Sagesse populaire, dérive des élites ?

3 février 2018, par François Maugis

Lors de mon service militaire dans les années 60 je fus confronté à cette attitude populaire que je ne comprenais pas : le refus de vouloir s’élever dans l’échelle sociale. Bien des années plus tard, j’entrevois la réponse.

Instinctivement, le bon sens populaire ne souhaite pas s’immiscer dans les affaires de responsabilité. Tout se passe comme si existait une certaine méfiance du peuple à l’égard des maîtres de son propre destin. D’autres prétendront qu’il s’agit d’une incapacité. Je ne le crois pas. J’ai plutôt l’impression que ceux qui jouent avec le destin du peuple sont mal considérés et qu’ainsi deux clans plus ou moins étanches se sont constitués : le peuple plus ou moins passif et soumis d’un côté, les décideurs et les maîtres de l’autre.

Elle est loin l’époque où le chef de tribu était admiré, aimé et respecté. Les temps ont changé. Le temps et l’expérience des masses populaires a consolidé cette méfiance. L’histoire des civilisations nous démontre que cette méfiance est parfaitement justifiée. Gérer la tribu humaine n’est pas une mince affaire. Les dérives, les déséquilibres et les troubles multiples qui agitent et empoisonnent le monde d’aujourd’hui, démontrent bien, soit que c’est très difficile, soit que les maîtres se sont souvent fourvoyés.

La sagesse populaire, au contraire, reste sur la réserve, observe et attend. On pourrait peut-être résumer sa philosophie de la manière suivante : « Il vaut mieux ne rien faire que faire des conneries ». Et, effectivement, on peut se poser cette question : « L’emballement tous azimut de l’activité et de l’ambition humaine, n’est-il pas excessif ? » Il y a déjà de nombreuses années que le Club de Rome et bien d’autres, prêchaient la croissance zéro. Ne serait-ce pas donner raison à cette sagesse populaire que certains, à tort, traitent d’attentisme ? Il y a bien sûr une part d’inconscient dans cette pseudo-sagesse qui, finalement se rapprocherait de l’instinct animal.

Cela n’a rien de péjoratif. De nombreux scientifiques (neurologues, psychologues, etc.) donnent une place de plus en plus importante à l’instinct ou l’inconscient qui, autant ou même plus que notre raison, dicterait nos pensées et nos actions.
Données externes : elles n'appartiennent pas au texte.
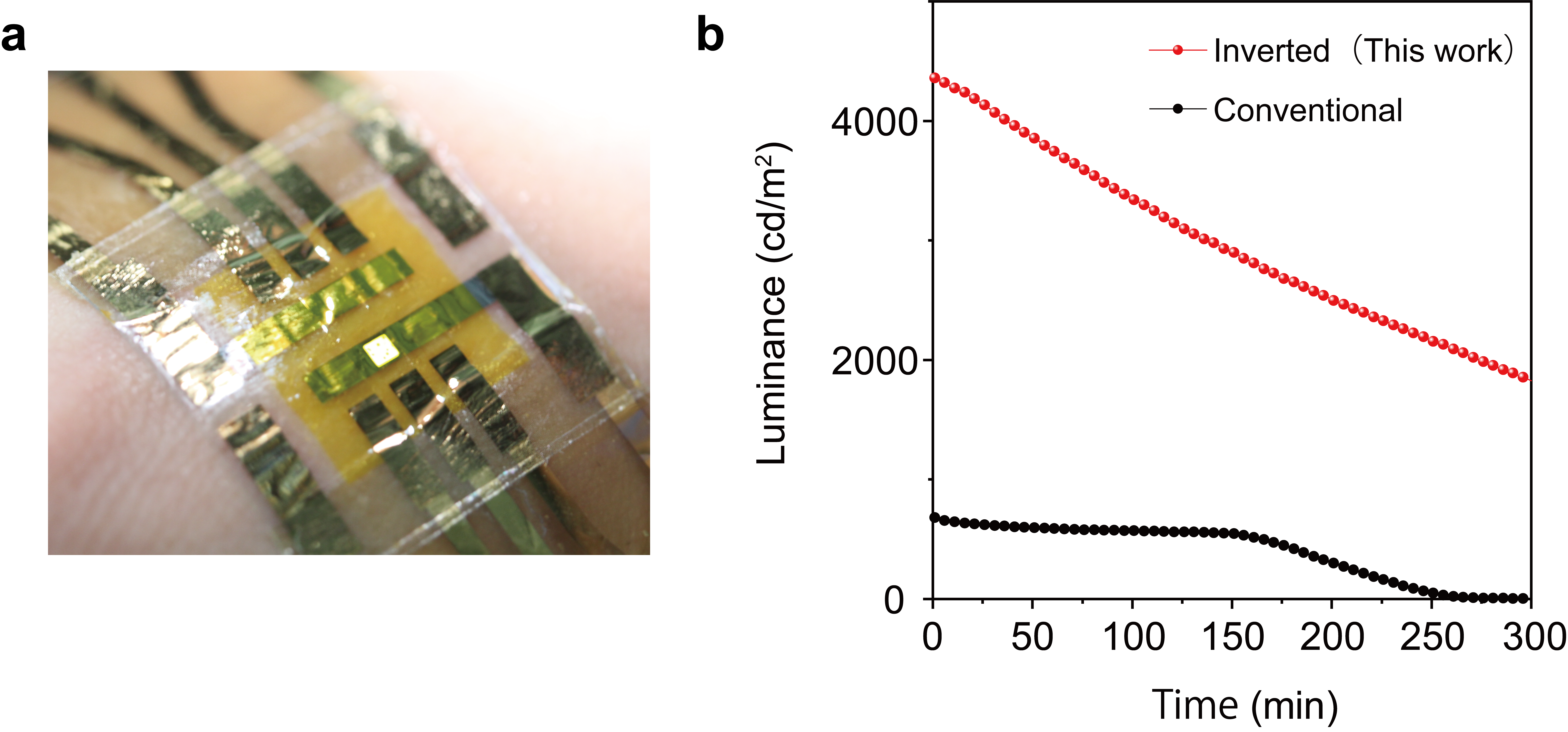Furthermore, with adopting an air-stable inverted structure and a doped polyethylenimine ethoxylated layer, ultraflexible polymer light-emitting diodes maintain 70% of the initial luminance even after 11.3 h of constant operation under air (Fig. 2a). Compared to the conventional Aluminum/Sodium Fluoride cathode devices, our inverted PLED shows an improvement by a factor of 7 during measurements at a constant voltage of 8 V under air (Fig. 2b).

Sagesse instinctive ou sagesse inconsciente, difficile de trancher. Il n’en demeure pas moins que l’évolution globale des choses sur notre malheureuse planète inciterait, comme le peuple le souhaite, à plus de calme, dans tous les domaines. Si, par ailleurs, on constate que le progrès qui était censé libérer l’homme, n’a pas tenu ses promesses, on trouve là une raison de plus d’en vouloir à nos élites qui, finalement, se sont noyées dans l’excès.